Dans les financements mobilisés, l’insuffisance des ressources intérieures, publiques et privées confondues, constitue une explication importante du « gap » constaté. Parmi ces financements locaux, l’Etat tient une place centrale par les impôts et taxes qu’il draine. Son action est cependant handicapée par le poids élevé et croissant des charges de fonctionnement de la puissance publique et par la faiblesse persistante de la pression fiscale, et cette situation ne devrait s’améliorer qu’à moyen terme. Dans l’attente, les ressources privées pourraient donc prendre une importance grandissante, soit  par le canal des intermédiaires financiers et leur activité de transformation, soit par un investissement direct effectué par les nationaux.
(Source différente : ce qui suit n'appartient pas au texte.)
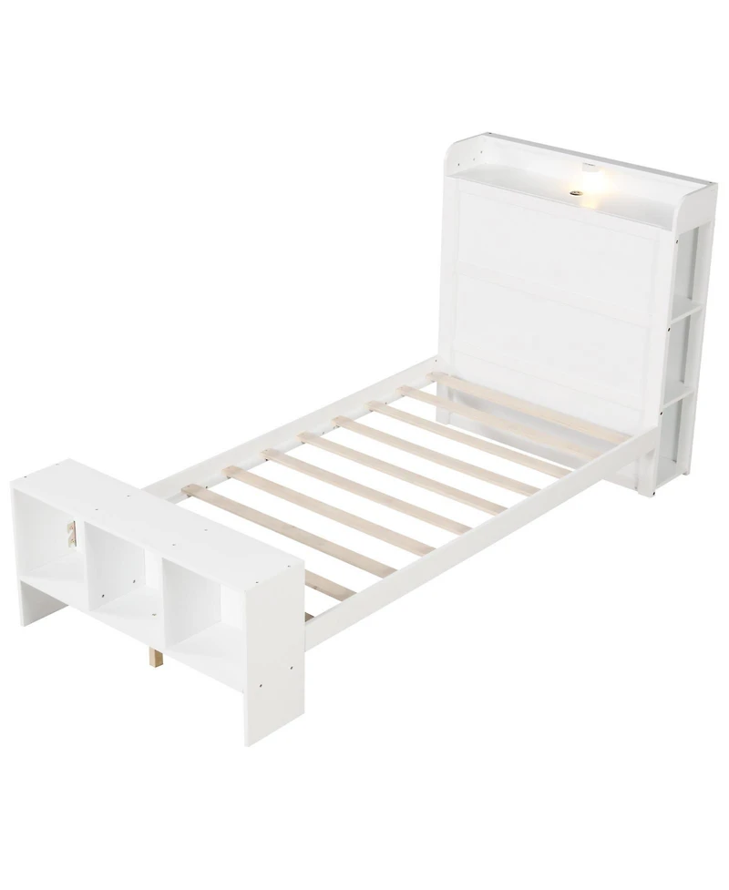 Transform your bedroom with this versatile bed frame featuring adjustable Led lighting in three colors to create the perfect ambiance. With built-in Usb ports and storage shelves, it combines functionality and style. Available in twin and full sizes, the sturdy wooden construction ensures durability and stability, supporting up to 440 lbs.

Pour les intermédiaires financiers, plusieurs cas de figure sont à distinguer. Les banques commerciales ont désormais des moyens nettement accrus grâce à l’augmentation de leurs fonds propres et aux progrès de leurs activités. Leurs ratios prudentiels sont certes partout très limitatifs pour des prises de participation. En revanche, l’octroi de concours à moyen et long terme pour des investissements relève directement de leur mission et leurs possibilités de transformation ont été améliorées, comme dans l’Union Economique et Monétaire Ouest Africaine (UEMOA) en 2015 avec l’abaissement à 50% du ratio correspondant contre 75% précédemment. Même s’il est encore trop tôt pour évaluer les effets de cette disposition, il est certain que les banques considèrent avec plus de facilité les financements à moyen et long terme. La nette croissance des concours à l’immobilier dans de nombreuses banques le prouve : cette évolution a d’ailleurs été facilitée également par la mise en place en 2010 de la Caisse Régionale de Refinancement  Hypothécaire (CRRH). Dans l’UEMOA, des accords ont aussi par exemple été mis au point entre des banques et la Banque Ouest Africaine de Développement (BOAD) pour cofinancer des prêts accordés à des entreprises de travaux publics chargées de construire des routes,. Ces coopérations privé/public sont aussi appliquées dans d’autres régions, et même à plus grande échelle, notamment par les grandes banques sud-africaines ou nigérianes. Les exemples de syndication de prêts de plusieurs centaines de millions de USD par Nedbank pour le gigantesque parc éolien du lac Turkana au Kenya ou par la First Bank of Nigéria pour le pipeline Accugas III au Nigéria l’illustrent parfaitement.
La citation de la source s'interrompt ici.